Image: アップル
米アップルのワイヤレス充電マット「AirPower」の発売が中止された。
意欲的な設計を取り入れたAirPowerの開発には、いくつものチャレンジが存在していた。
アップル肝いりのAirPowerはなぜ、世に出なかったのだろうか。
新設計のワイヤレス充電マット
スマートフォンやモバイルバッテリーを充電するワイヤレス充電マットは、さまざまなメーカーから多数の製品が投入されている。
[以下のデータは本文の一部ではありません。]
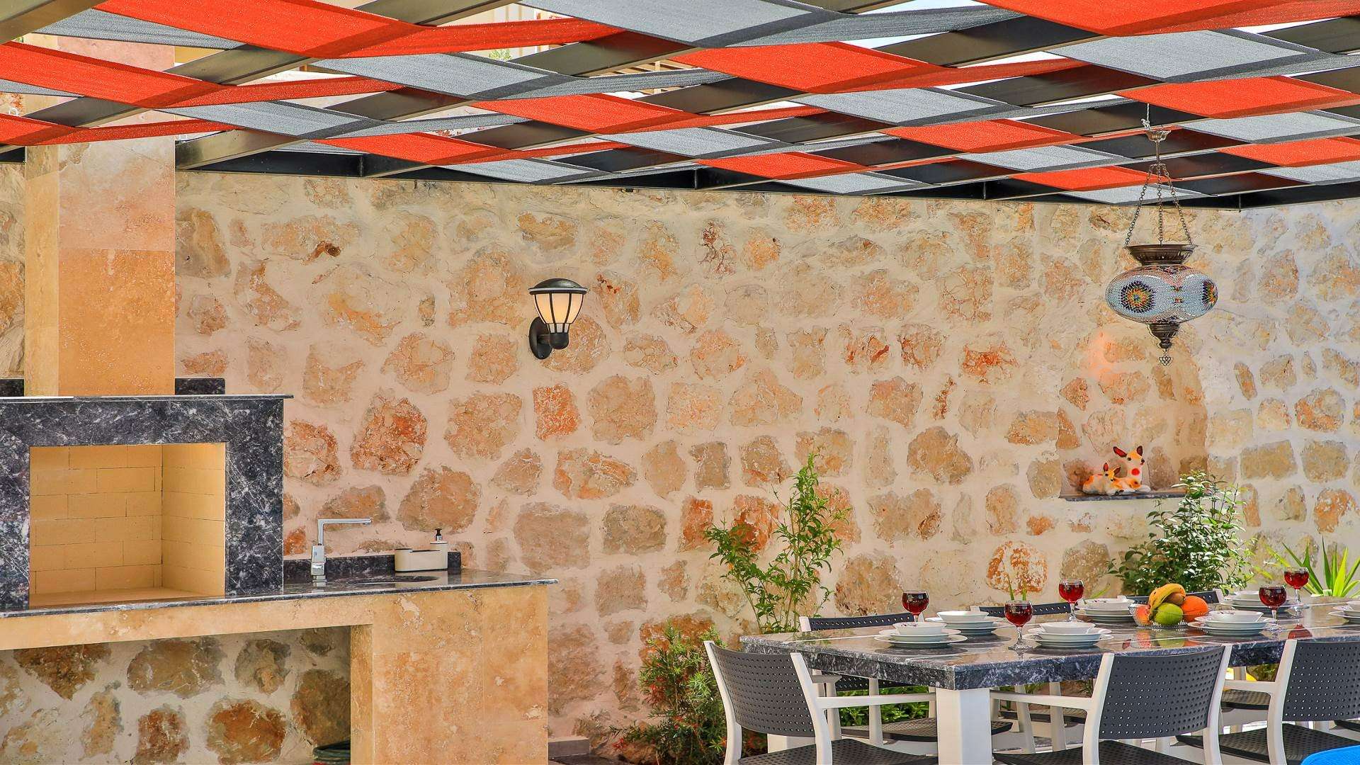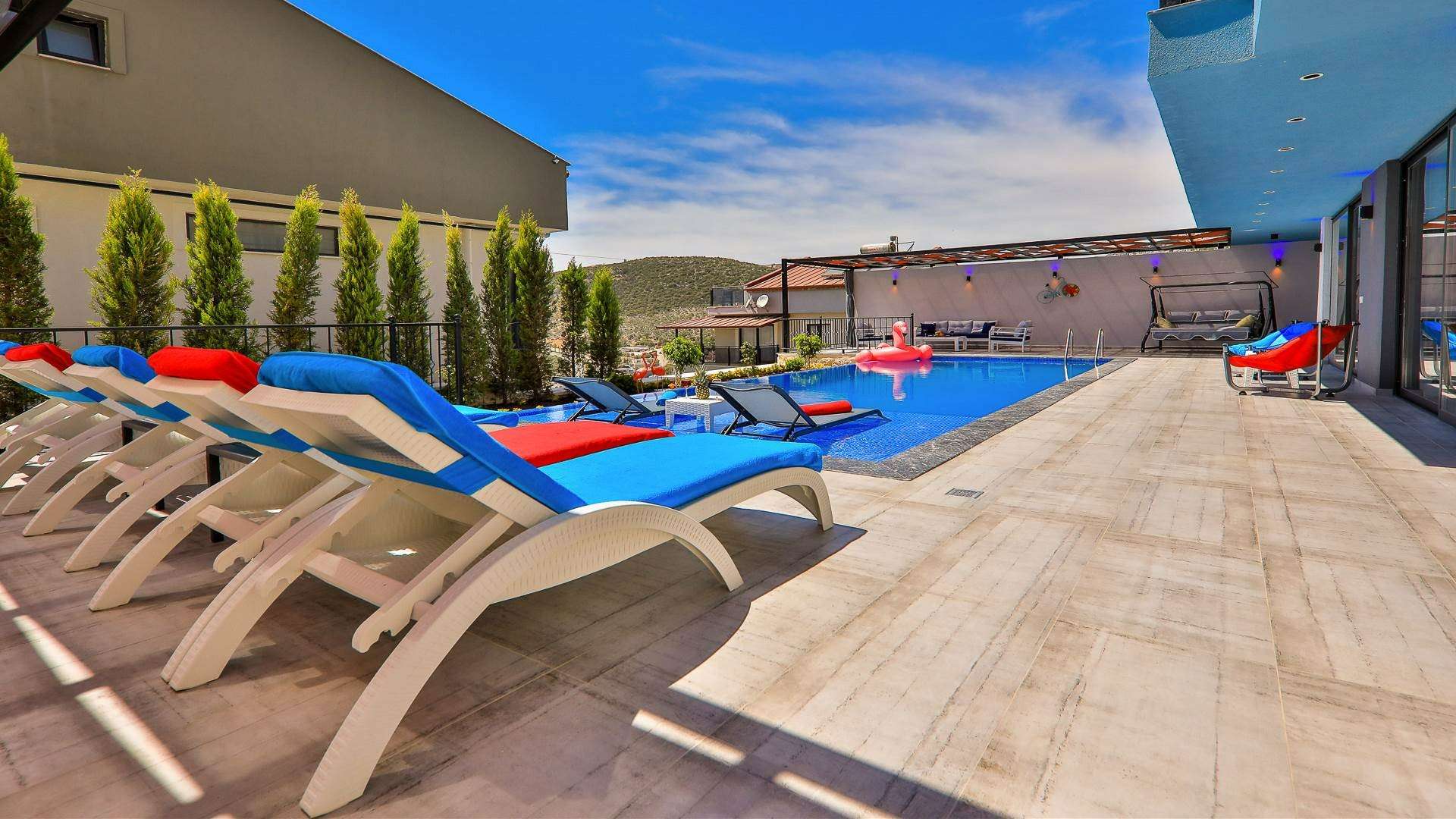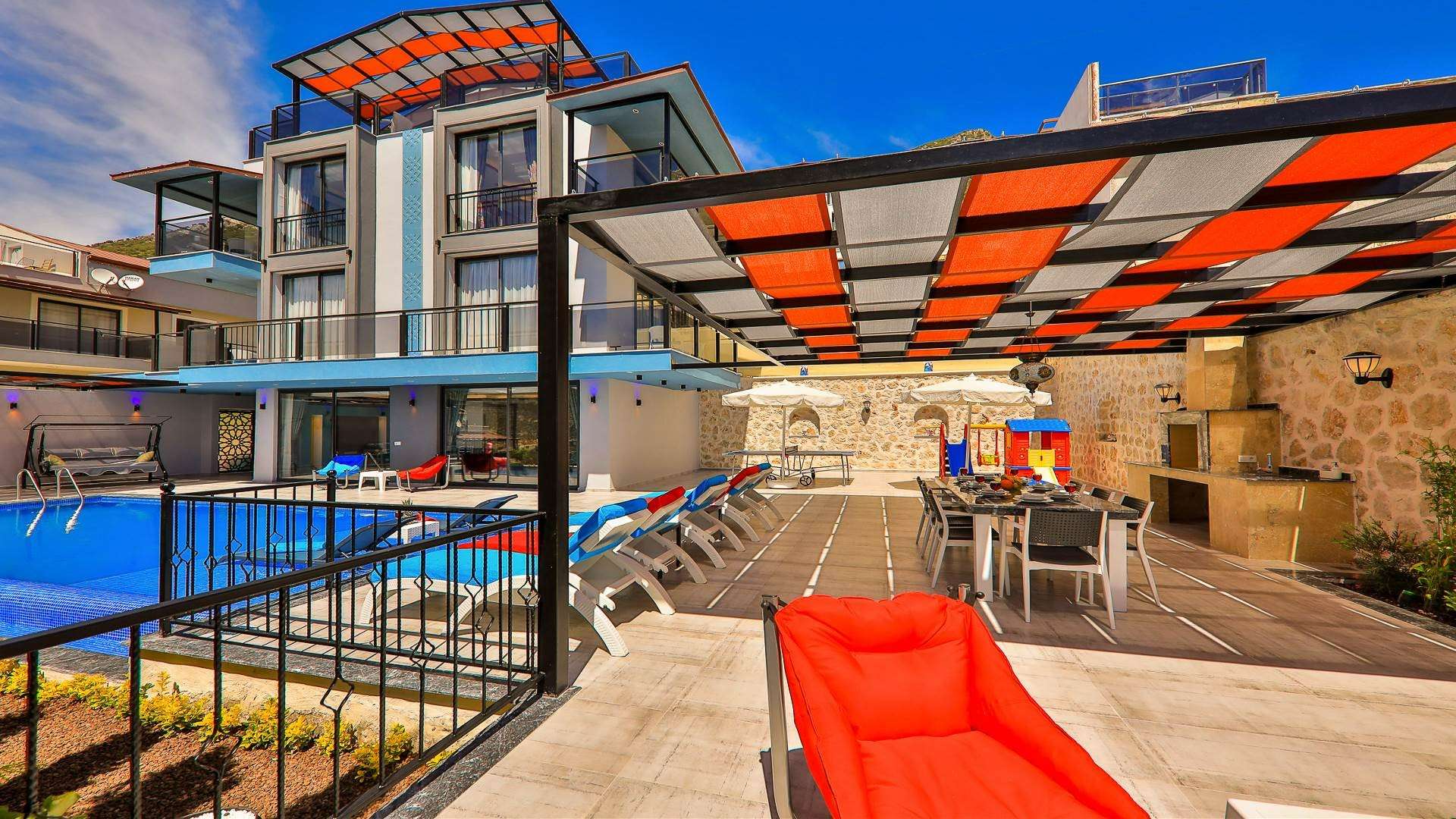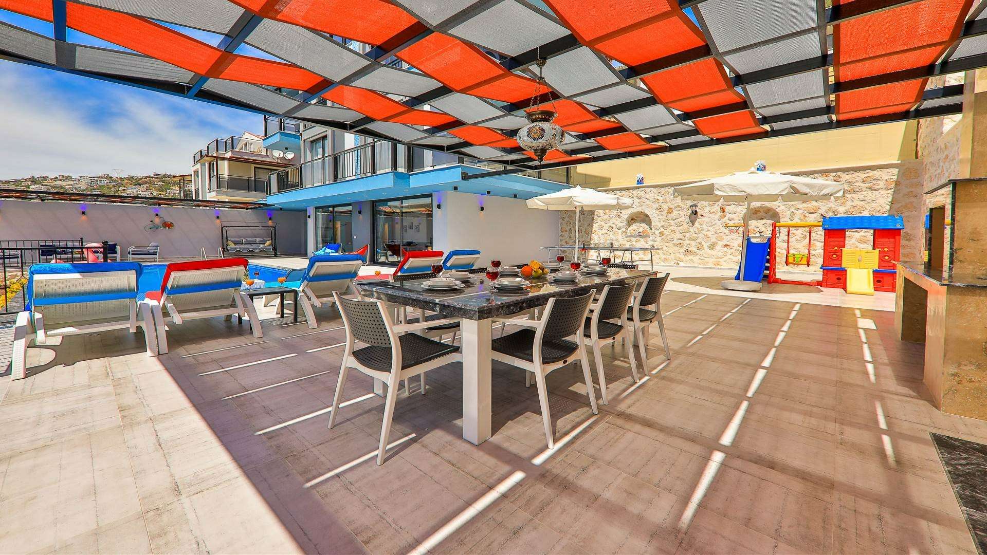 Detayları : 8 Kişilik masa ve sandalye, Şezlong, Barbekü, ,Oturma Grubu, Salıncak, Langırt , Çocuk oyun parkı, 4 Adet armut koltuk, Güneş şemsiyesi bulunmaktadır.

これは「Qi(チー)」などの規格にもとづき、ワイヤレス充電マットと充電機器の間で「電磁誘導」を利用して、電力をやり取りする仕組みだ。
AirPowerが革新的だったのは、充電マットのどの場所に、どの機器をおいても充電できる点だ。充電する機器は「iPhone」だけでなく「Apple Watch」や「AirPods」にも対応しているしまたどの機器をどの場所に置いてもよい。
通常のワイヤレス充電マットは機器の置き場所が決まっており、そこから外れると充電ができなかった。AirPowerはユーザーにそのような手間を感じさせないのが、アピールポイントとなるはずだった。
発売直前での中止決定
そんなAirPowerは、今年3月30日に正式に発売中止が発表される。その理由としては、「アップルの高い要求水準を満たすことができない」ことが挙げられた。
2017年9月に発表されたAirPowerは、以前よりその販売計画が不透明だった。発表当時から発売時期は「2018年中」とはっきりとせず、その後に公式ホームページから一部の画像が削除されるなどの動きもあった。
しかし、2019年3月に発表された「第2世代AirPods」のワイヤレス充電ケースのパッケージには、確かにAirPowerのイラストが掲載されている。つまり、AirPowerの発売中止は今年のごく最近に下されたことが推測されるのだ。